2.1 Sample preparation

β-tricalcium phosphate powder (β-TCP) was obtained from Berkeley Advanced Biomaterials (Berkeley, CA) with an average particle size of 550 nm. High purity strontium oxide (SrO) (99.9% purity) was purchased from Sigma Aldrich ( St. Louis, MO) and magnesium oxide (MgO, 99.998%) was procured from Alfa Aesar, MA, USA. Silicon dioxide (SiO₂) (99%+ purity) and zinc oxide (ZnO) (99.9%+ purity) were purchased from Fisher Scientific (Fair Lawn, NJ). Samples were prepared by mixing 50 g of β-TCP powder and appropriate amounts of dopants (1 wt% SrO, 1 wt% MgO, 0.5 wt% SiO₂ and 0.25 wt% ZnO) in 250 mL polypropylene Nalgene bottles containing 75 mL of anhydrous ethanol and 100 g zirconia milling media with 5mm diameter. Dopant concentrations were chosen based on previous optimization research [6,7,9,10] The mixtures were then milled for 6 h at 70 rpm to minimize the formation of agglomerates and increase homogeneity. After milling, powder was dried in an oven at 60 °C for 72 h and pressed to discs (12 mm diameter and 2.5 mm thickness) using a uniaxial press at 145 MPa. Green compacts were then cold isostatically pressed at 414 MPa for 5 min and sintered at 1250 °C for 2 h in a muffle furnace.

2.2 Sample Density

Density was measured using Archimedes method. Samples were weighed initially dry and then submerged in boiling water for 3 minutes to remove any excess air that may be trapped in the porous structure. The samples were then transferred from the boiling water to room temperature water, where the weight was recorded again (n=3).

2.2 Cell culture

All samples were sterilized by autoclaving at 121 °C for 20 min. In this study, established human preosteoblast cell line hFOB 1.19 (ATCC, Manassas, VA) were used. Cells were seeded onto the samples in 24-well plates at a density of 10⁵ cells/sample. The base medium for this cell line was a 1:1 mixture of Ham's F12 Medium and Dulbecco's Modified Eagle's Medium (DMEM/F12, Sigma, St. Louis, MO), with 2.5 mM L-glutamine (without phenol red). The medium was supplemented with 10% fetal bovine serum (HyClone, Logan, UT) and 0.3 mg/ml G418 (Sigma, St. Louis, MO). Cultures were maintained at 34 °C under an atmosphere of 5% CO₂ as recommended by ATCC for this particular cell line. Medium was changed every 2 days for the duration of the experiment.

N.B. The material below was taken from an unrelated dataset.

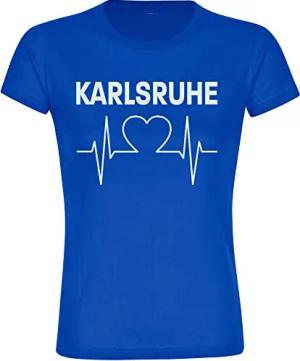 Damen T-Shirt - Karlsruhe - Herzschlag - Druck weiß - Frauen Größe 3XL blau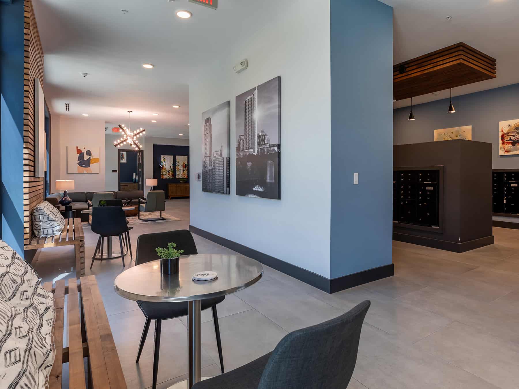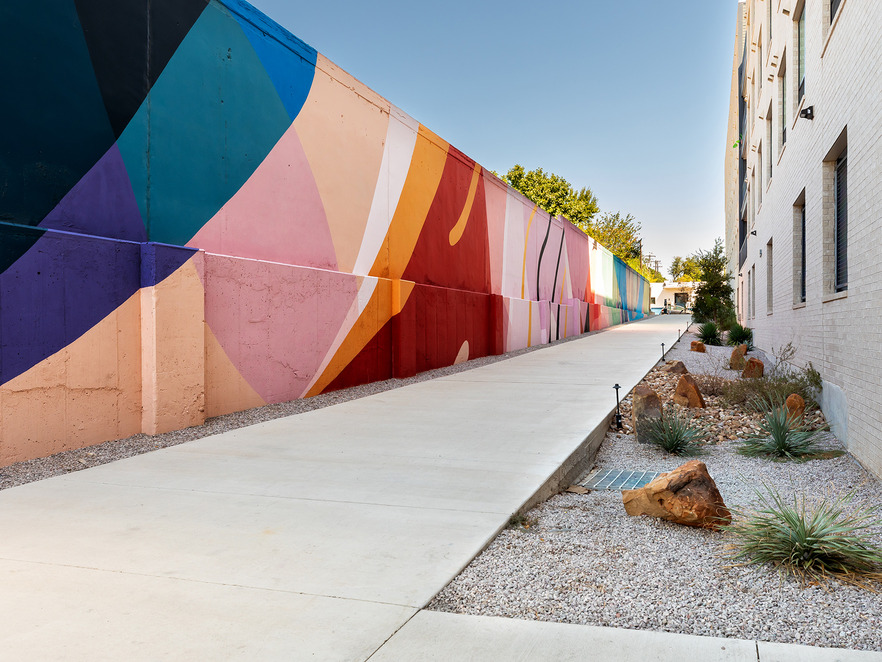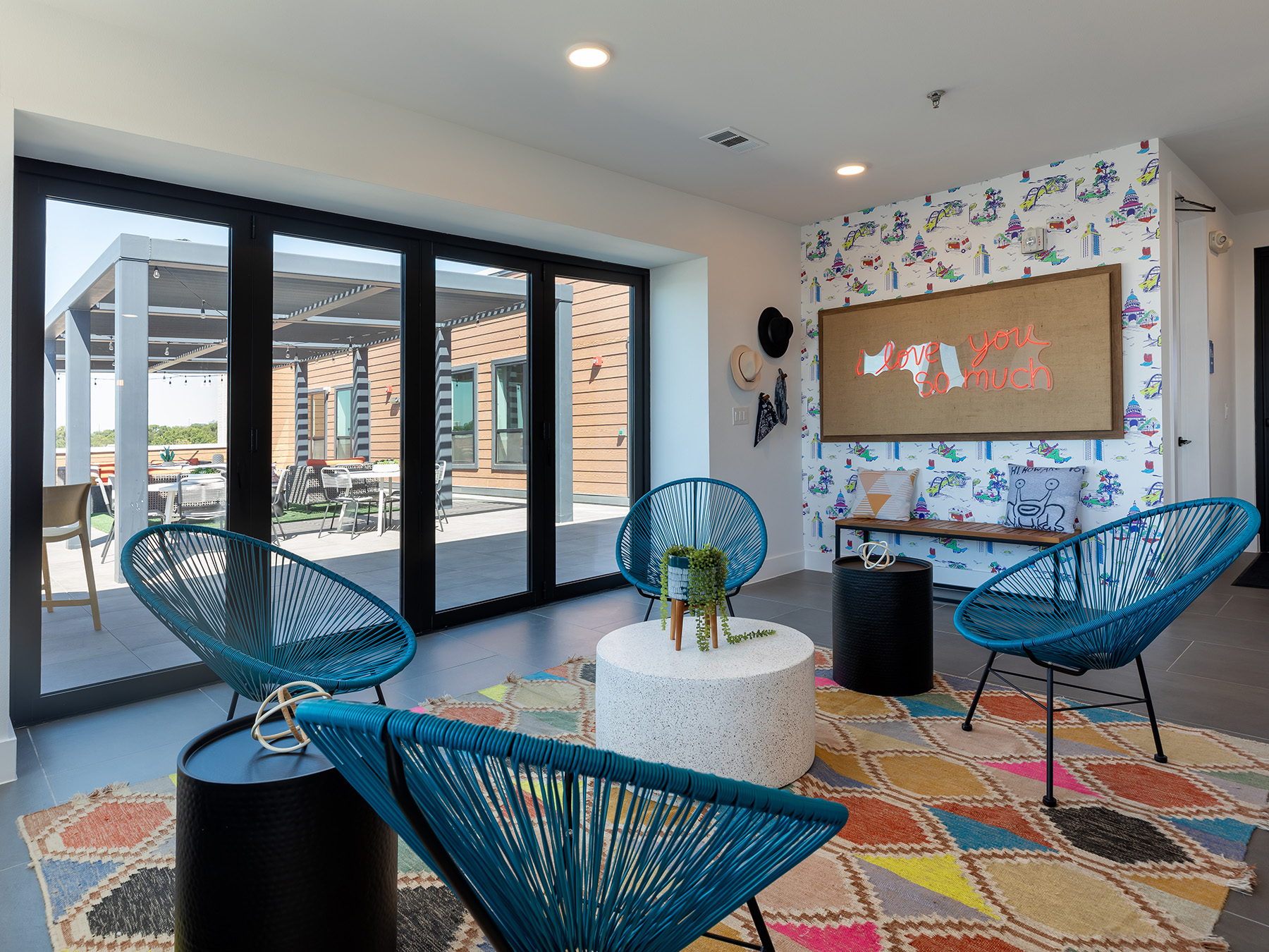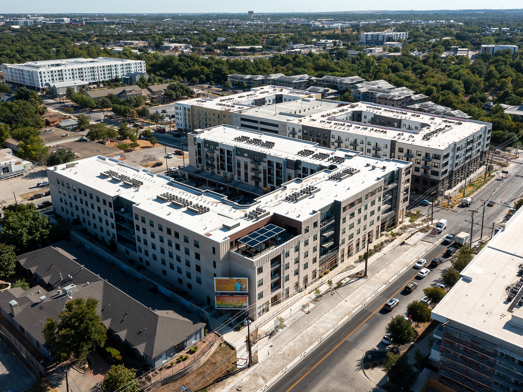 Above the podium, four levels of wood-framed residential construction provide a range of unit types, including studios, one-bedroom, and two-bedroom apartments. Resident amenities are distributed throughout the project and include a shared coworking space, an elevated outdoor terrace, and a rooftop sky lounge offering panoramic views of the Austin skyline.

2.4 Cellular proliferation

MTT (3-(4,5-dimethylthiazol-2-yl)-2,5-diphenyl tetrazolium bromide) assay was used to evaluate cell proliferation. The MTT (Sigma, St. Louis, MO) solution of 5 mg/ml was prepared by dissolving MTT in sterile filtered PBS. 10% MTT solution was then added to each sample in 24-well plates. After 2 h of incubation, 1 ml of solubilization solution made up of 10% Triton X-100, 0.1N HCl and isopropanol was added to dissolve the formazan crystals. 100 μl of the resulting supernatant was transferred into a 96-well plate, and read by a plate reader at 570 nm. Triplicate samples were used in MTT assay experiments to insure reproducibility. Data was normalized to the absorbance values for the pure TCP control.

2.4 Cellular morphology

Samples for testing were removed from culture after 3 days of incubation. All samples for SEM observation were fixed with 2% paraformaldehyde/2% glutaraldehyde in 0.1M cacodylate buffer overnight at 4 °C. Post-fixation was performed with 2% osmium tetroxide (OsO₄) for 2 h at room temperature. The fixed samples were then dehydrated in an ethanol series (30%, 50%, 70%, 95% and 100% three times), followed by a hexamethyldisilane (HMDS) drying procedure. After gold coating, the samples were observed under field emission scanning electron microscope (FESEM) (FEI 200F, FEI Inc., OR, USA) for cell morphologies.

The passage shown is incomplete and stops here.